Artist's Statement
I work almost exclusively with wood, a medium that offers enormous opportunities for artistic expression. Possibilities range from graceful objects of practical utility to abstract forms expressing movement, color, or mood. After a long career in clinical medicine, I began my formal training in craft by learning to build traditional small wooden boats at the Northwest School of Wooden Boat Building. Part of the curriculum included the making of tools essential to boat building that included basic and specialized mallets, wood planes and bevel gauges. From that point, I began to make some imaginative parodies of those tools in a growing collection that I call my Useless Tools. After learning wood turning, I've used the lathe to make graceful and useful items such as bowls, platters and goblets that emphasize the natural color and grain of fine hardwoods or that reveal shape through painted and carved surfaces.

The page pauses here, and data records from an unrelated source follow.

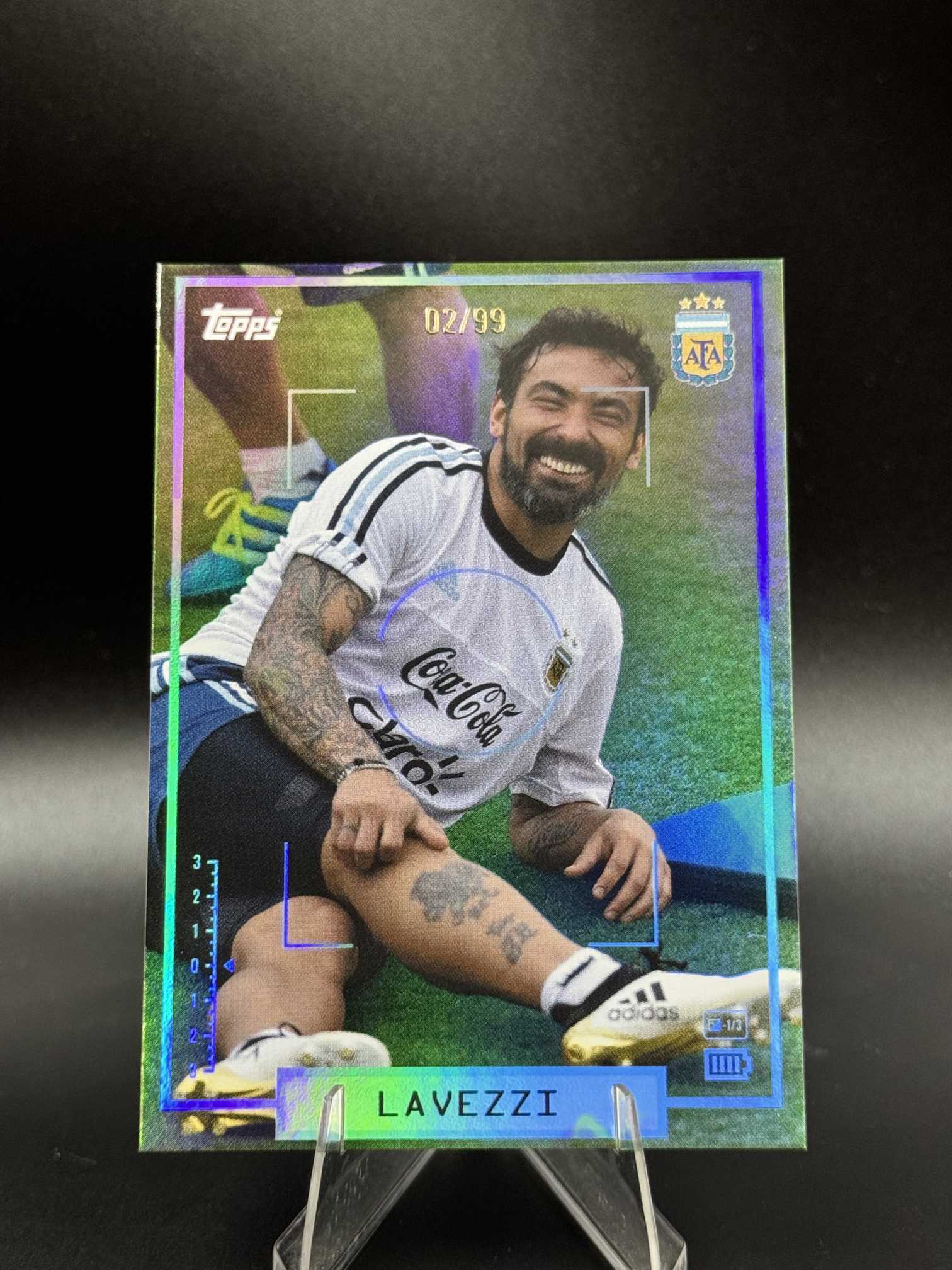 2025 Topps Focus Ezequiel Lavezzi 【小桃气拍卖】阿根廷聚焦队盒 拉维奇 /99编 天蓝彩虹折 折射 卡品如图 V525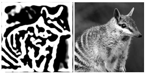 Left = applying a high-pass filter to remove low frequency information. Right = if we now apply a blur that represents how your motion processing system sees things, it no longer sees anything from the filtered image.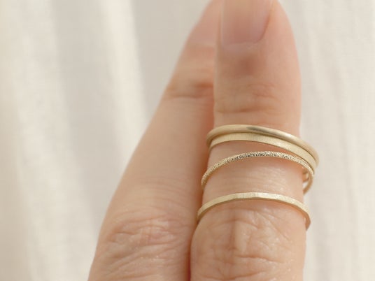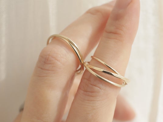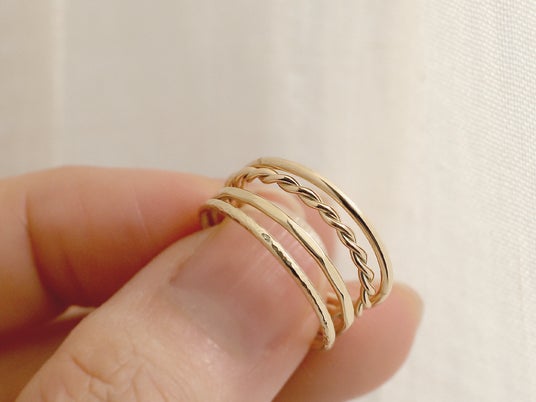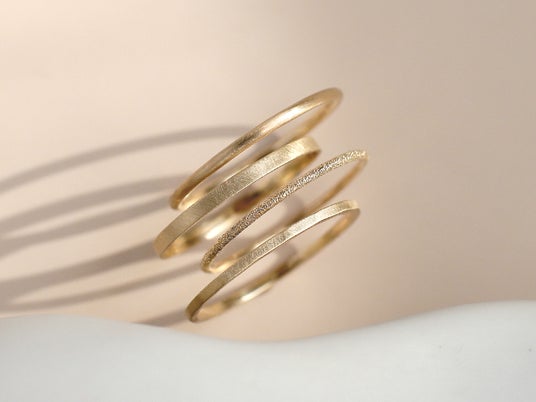 繊細な10 金の地金に、プレーン、マット、槌目(つちめ)など異なるテクスチャーを宿した10 本の地金リング。

My current primary creative interest is in combining wood turning and wood sculpture with found objects. Here I can combine fascinating found items (such as carved wooden figures that I've collected over a number of decades, unusual small antique tools, metal pieces from an antique Meccano set, boat yard scraps and wood elements of my own creation) into small sculptures that may suggest a story or may simply delight in themselves. I often title these works with the first line of the story that they suggest to me but leave it to the viewer to complete that story in her or his own mind. In that fashion, it is my hope that viewers will develop a deeper and hopefully evolving relationship with the work.
Through all of these pursuits, my goals are to find novel perspectives by combining new and old objects, to explore the natural beauty of wood, and to say something about the joy of creativity. I try to do it all with a touch of humor. I strongly believe that art should put a smile on the face of both the creator and the beholder.
Another section of this website is entitled Carmelita Stories. In it I share an entirely different but equally engaging interest -- bedtime stories written for my grandchildren and inspired by a wonderful work by a Philadelphia based found-art sculptress named Linda Lou Horn. The work is titled "Minnie, Mannie, and Moe Lost Again!". It features an imaginative but originally unnamed camel who we have named "Carmelita". The stories are a staple of overnight visits to Grandma and Grandpa and are intended not just to entertain but to encourage our grandchildren (or anyone) to imagine.
The most recent addition to this website is a collection of short essays that I have written about woodturning and the crafts in general. They are all essays originally written for the monthly newsletter of The Chesapeake Woodturners, The Final Cut. They are selected for sharing here because I think that they are of broader interest and reflect my sometimes iconoclastic views about the state of contemporary craft.